Types d’attaques actives

Voici quelques-uns des types d’attaques actives les plus courants.

Attaque de mascarade

Dans une attaque de mascarade, l’intrus se fait passer pour un utilisateur particulier d’un système afin d’y accéder ou d’obtenir des privilèges supérieurs à ce pour quoi il est autorisé. Les attaques de mascarade sont menées de plusieurs manières différentes, notamment les suivantes:

  • utiliser des identifiants de connexion (ID) et des mots de passe volés ;
  • trouver des failles de sécurité dans les programmes; et
  • en contournant l’authentification

Une tentative peut provenir d’un employé au sein d’une organisation ou d’un acteur de menace extérieur utilisant une connexion au réseau public. Une authentification faible peut fournir un point d’entrée pour une attaque de mascarade et faciliter l’entrée d’un attaquant. Si les attaquants reçoivent avec succès l’autorisation et pénètrent sur le réseau, en fonction de leur niveau de privilège, ils peuvent être en mesure de modifier ou de supprimer les données de l’organisation. Ou ils peuvent apporter des modifications à la configuration du réseau et aux informations de routage.

Par exemple, un attaquant externe peut utiliser des adresses IP (Internet Protocol) usurpées pour contourner le pare-feu de la victime et accéder à une source non autorisée. Pour ce faire, l’attaquant peut utiliser un renifleur de réseau pour capturer des paquets IP de la machine cible. Un autre appareil est utilisé pour envoyer un message au pare-feu avec l’adresse IP falsifiée. Le pare-feu permet alors d’accéder à la machine de la victime.
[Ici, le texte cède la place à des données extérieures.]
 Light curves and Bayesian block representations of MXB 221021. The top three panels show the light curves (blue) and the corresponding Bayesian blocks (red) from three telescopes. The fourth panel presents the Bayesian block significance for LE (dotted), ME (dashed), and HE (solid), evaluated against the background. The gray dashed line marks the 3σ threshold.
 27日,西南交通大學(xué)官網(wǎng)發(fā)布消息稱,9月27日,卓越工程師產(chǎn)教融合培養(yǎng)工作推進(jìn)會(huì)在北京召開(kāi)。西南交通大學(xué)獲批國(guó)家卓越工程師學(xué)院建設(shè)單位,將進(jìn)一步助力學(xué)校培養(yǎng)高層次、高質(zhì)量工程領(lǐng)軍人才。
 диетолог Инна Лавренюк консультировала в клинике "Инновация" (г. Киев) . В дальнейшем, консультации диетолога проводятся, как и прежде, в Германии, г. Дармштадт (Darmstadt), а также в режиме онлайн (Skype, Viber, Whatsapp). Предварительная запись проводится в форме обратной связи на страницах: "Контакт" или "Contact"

Exemple d'attaque par e-mail de mascarade
Dans une attaque de mascarade, l’acteur de la menace envoie un message qui semble provenir d’une source légitime.

Attaque de détournement de session

Une attaque de détournement de session est également appelée attaque de rediffusion de session. Dans celui-ci, l’attaquant tire parti d’une vulnérabilité dans un réseau ou un système informatique et rejoue les informations de session d’un système ou d’un utilisateur précédemment autorisé. L’attaquant vole l’ID de session d’un utilisateur autorisé pour obtenir les informations de connexion de cet utilisateur. L’attaquant peut ensuite utiliser ces informations pour se faire passer pour l’utilisateur autorisé.
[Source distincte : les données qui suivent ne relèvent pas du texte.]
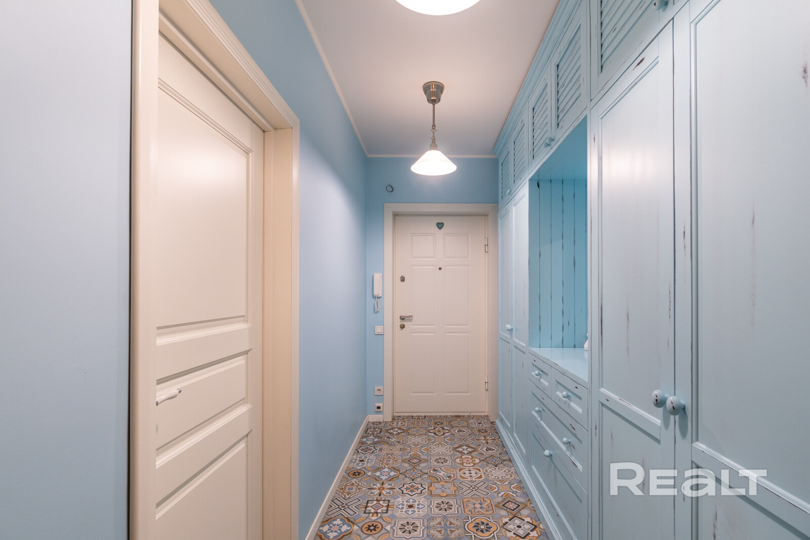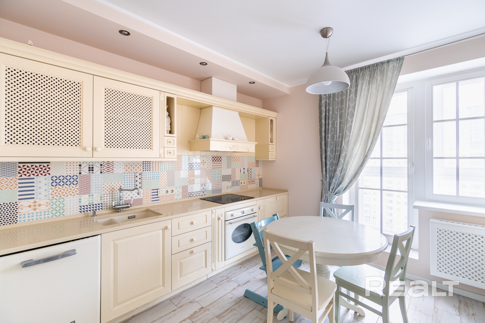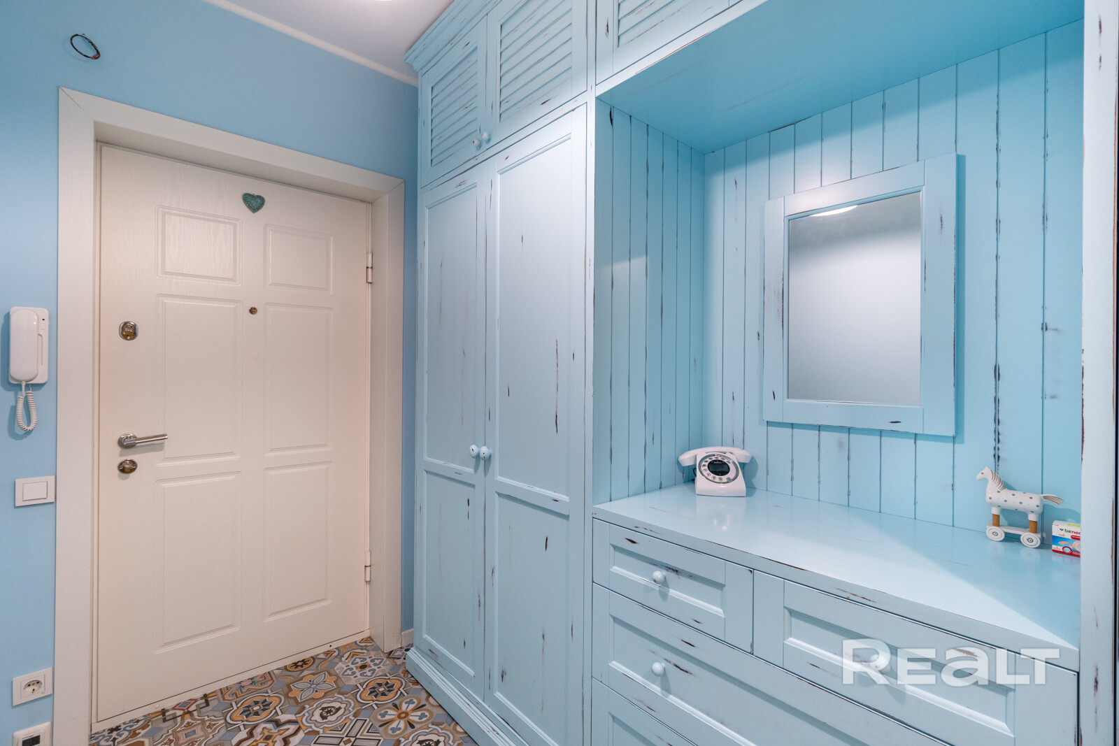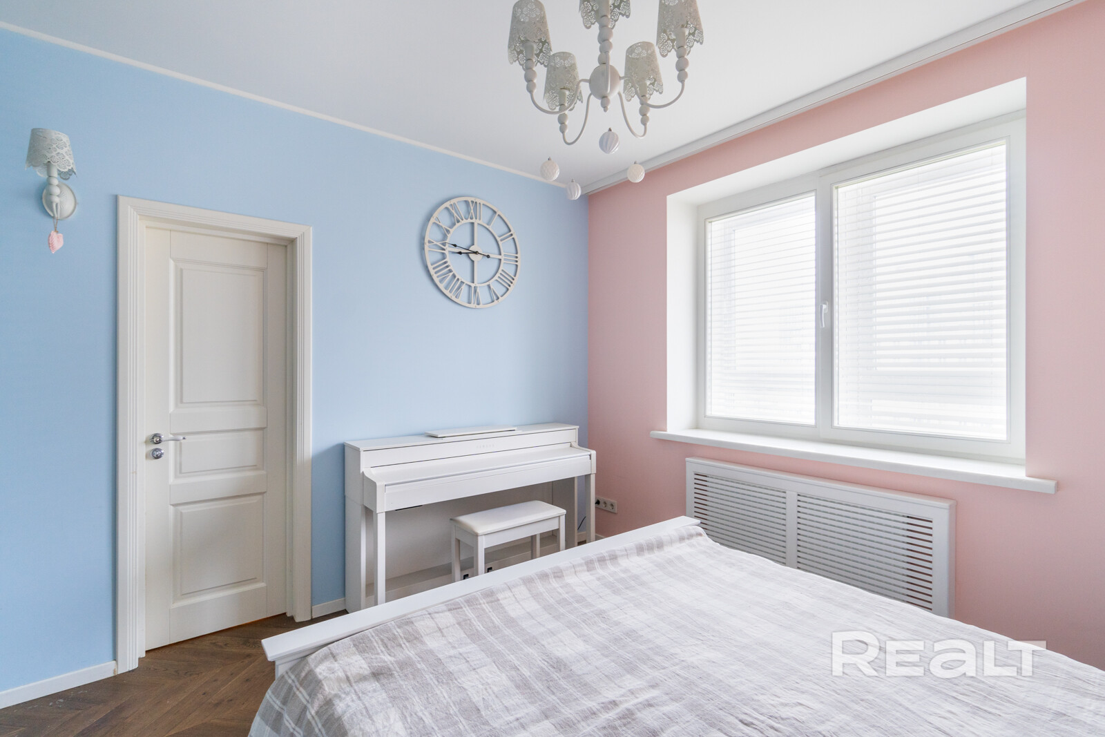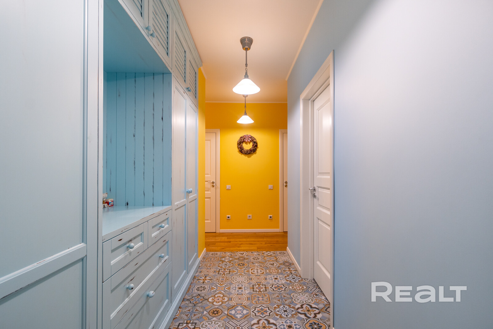 Эта квартира находится в нестаром доме рядом со станцией метро «Грушевка». Интерьер двушки выглядит нежным: стены покрашены в розовый, голубой и желтый цвета. В квартире получилось выделить гардеробную, кабинет и обустроить зону отдыха на лоджии. Показываем, как выглядит это жилье. К слову, в его стоимость входит и парковочное место.
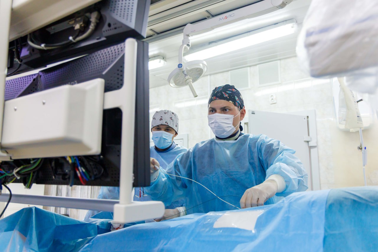 Операция проводится через небольшой прокол в бедренной артерии, куда вводится диагностический катетер. Такое вмешательство значительно сокращает сроки реабилитации и минимизирует риски для пациентов.
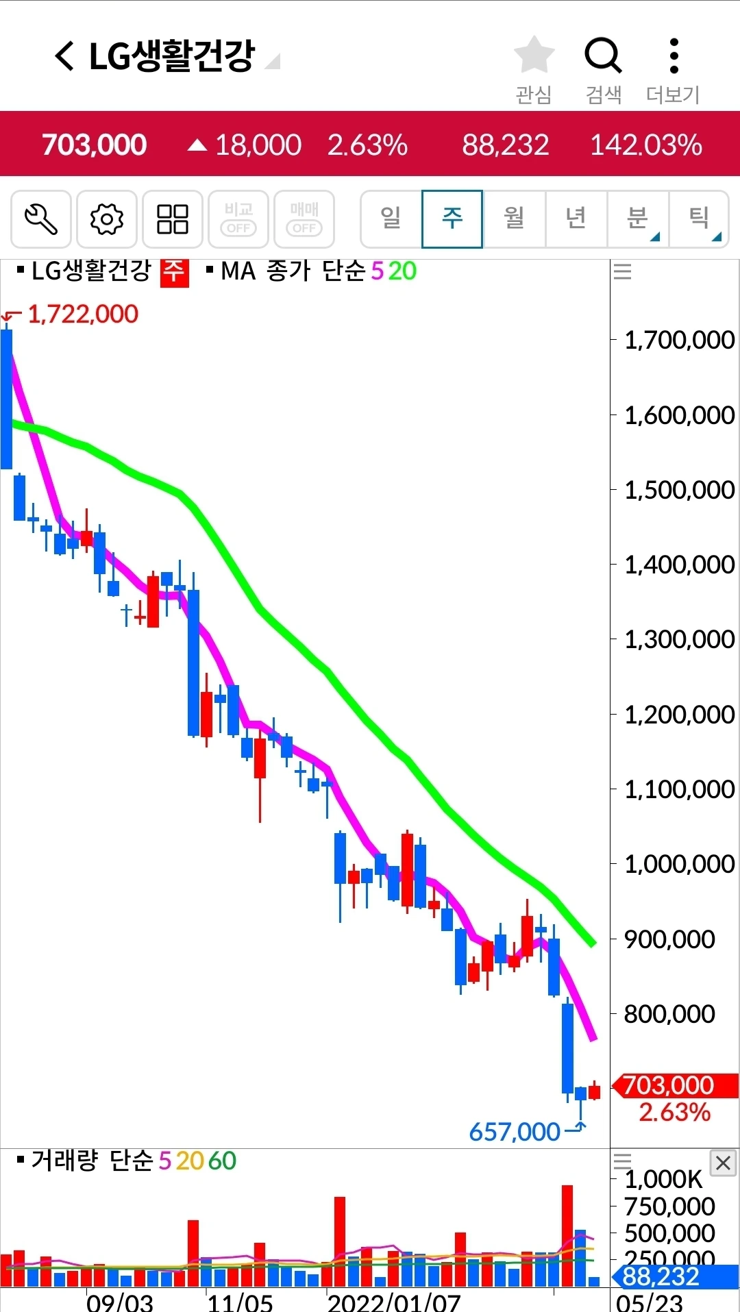 5일선이 20일선을 뚫으려 하고 있다. 기다려보자. 이 또한 파이팅!
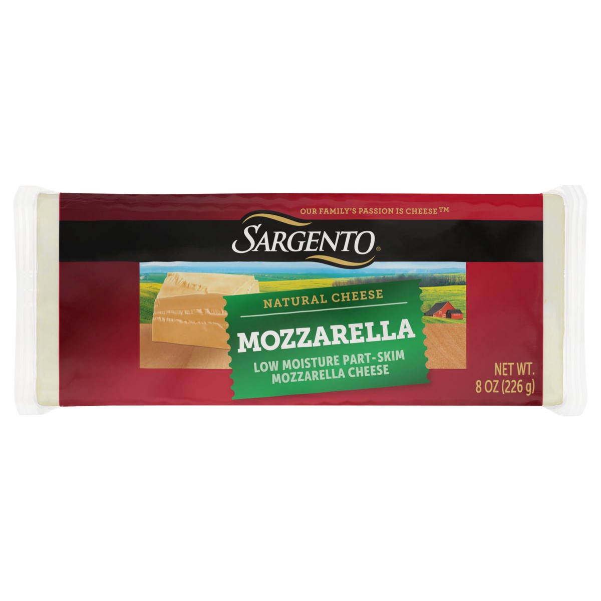 - This 8 oz block of Sargento Block Low Moisture Part-Skim Mozzarella Natural Cheese is perfect for pizzas
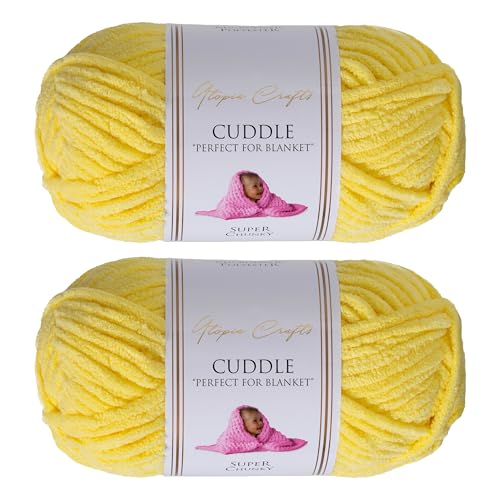 Utopia Crafts Cuddle Super Chunky Chenille Soft Yarn for Knitting and Crochet 2x 100g (Lemon)

Une attaque de détournement de session se produit généralement sur des applications Web et des logiciels qui utilisent des cookies pour l’authentification. Avec l’utilisation de l’ID de session, l’attaquant peut accéder à n’importe quel site et à toutes les données disponibles pour le système ou l’utilisateur usurpé.
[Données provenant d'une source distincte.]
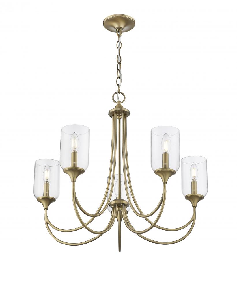 The Waddingham Family of chandeliers is the definition of refined elegance. Available as either a 5- or 9-light option, these chandeliers add understated charm to any space from foyer to dining room. With sweeping arms and sparkling clear glass shades, these tasteful fixtures, finished in either matte black or vintage brass, are the perfect design solution for modern to classic interior schemes.
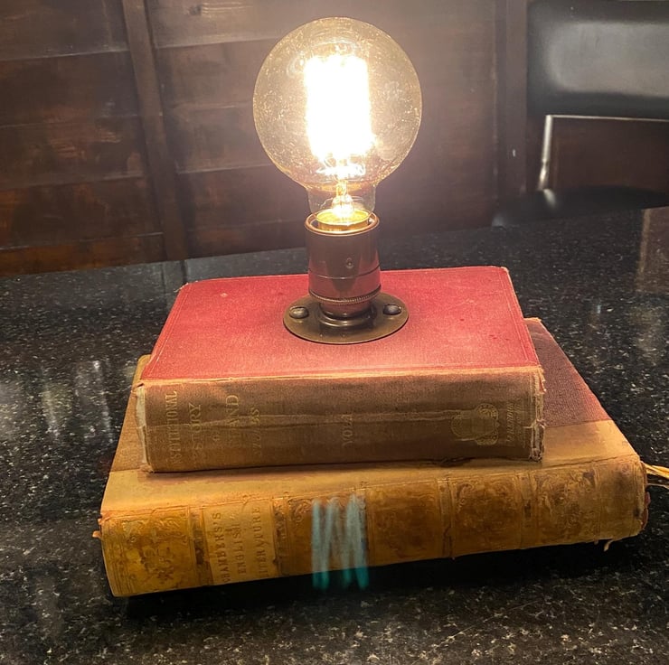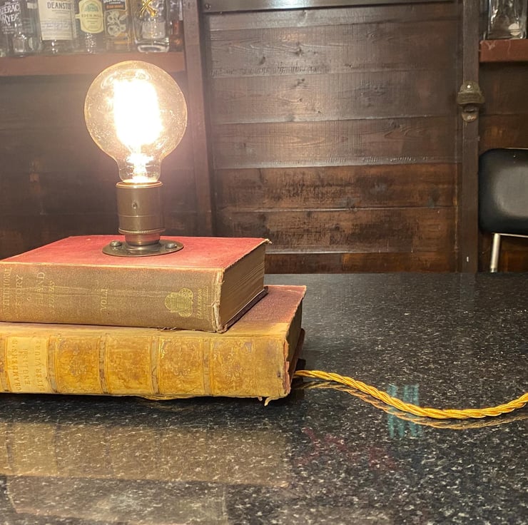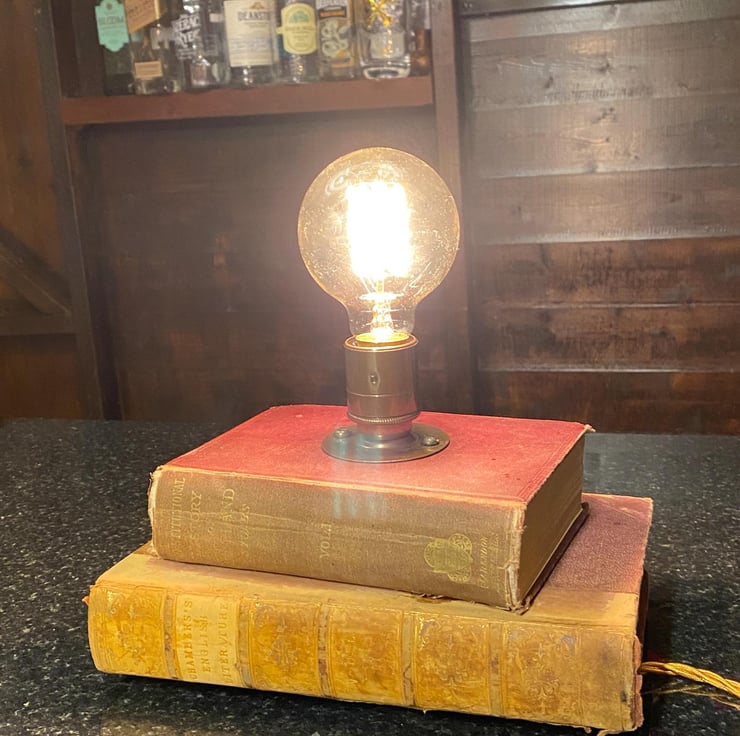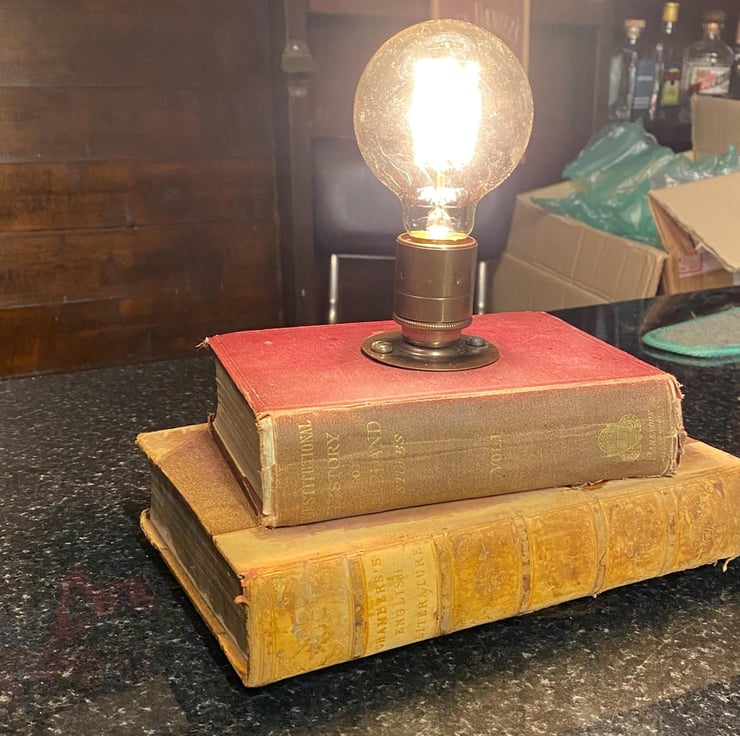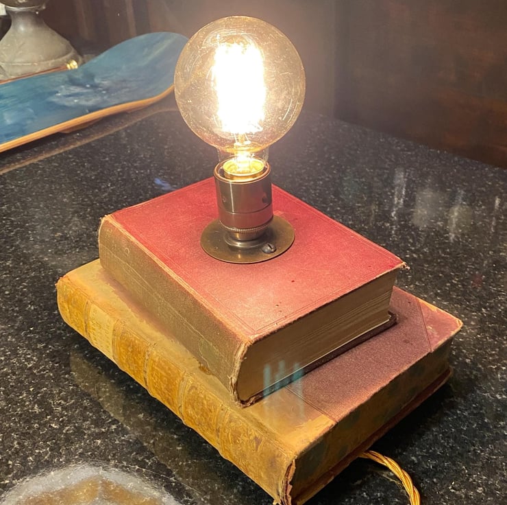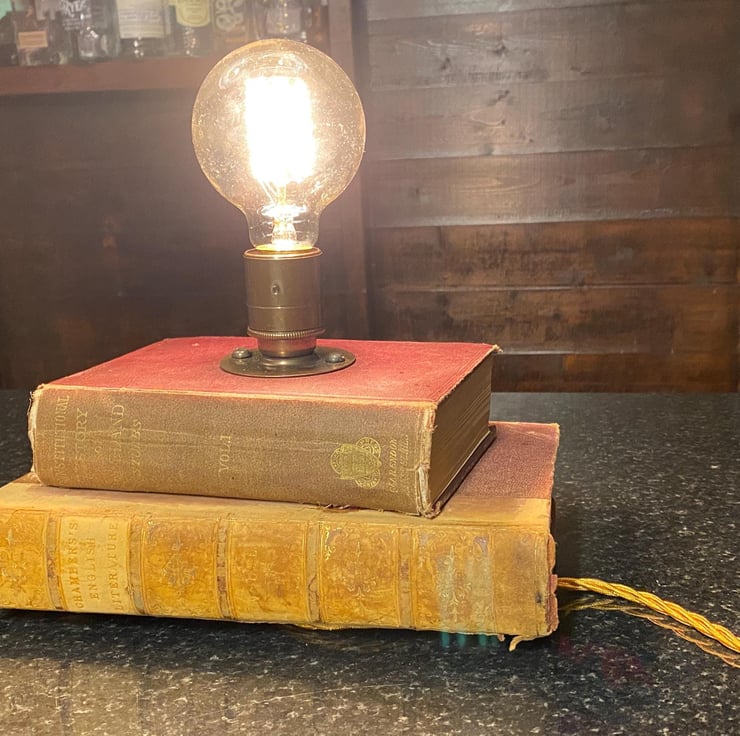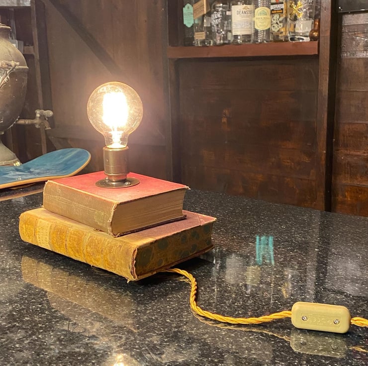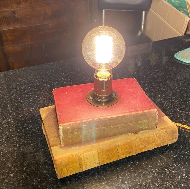 Two late 19th century books from circa 1880s bonded together with feet attached so cable sits ok. Upcyled to a unique and quirky vintage lamp. All made by me with all new quality parts , period cable (approx 2M ) , switch, plug 3 and fused , lampholder., (bulb not included ) as so many to choose from.Includes PAT testing .

Exemple d'attaque d'e-mail de rediffusion
Dans une attaque de détournement, l’acteur de la menace reçoit une copie d’un message et la renvoie au destinataire qui est dupe en pensant qu’elle provient de l’expéditeur d’origine.

Attaque de modification de message

Dans une attaque de modification de message, un intrus modifie les adresses d’en-tête de paquet pour diriger un message vers une destination différente ou pour modifier les données sur une machine cible. Les attaques de modification de message sont généralement des attaques basées sur des e-mails. L’attaquant tire parti des faiblesses de sécurité des protocoles de messagerie pour injecter du contenu malveillant dans le message électronique. L’attaquant peut insérer du contenu malveillant dans le corps du message ou les champs d’en-tête.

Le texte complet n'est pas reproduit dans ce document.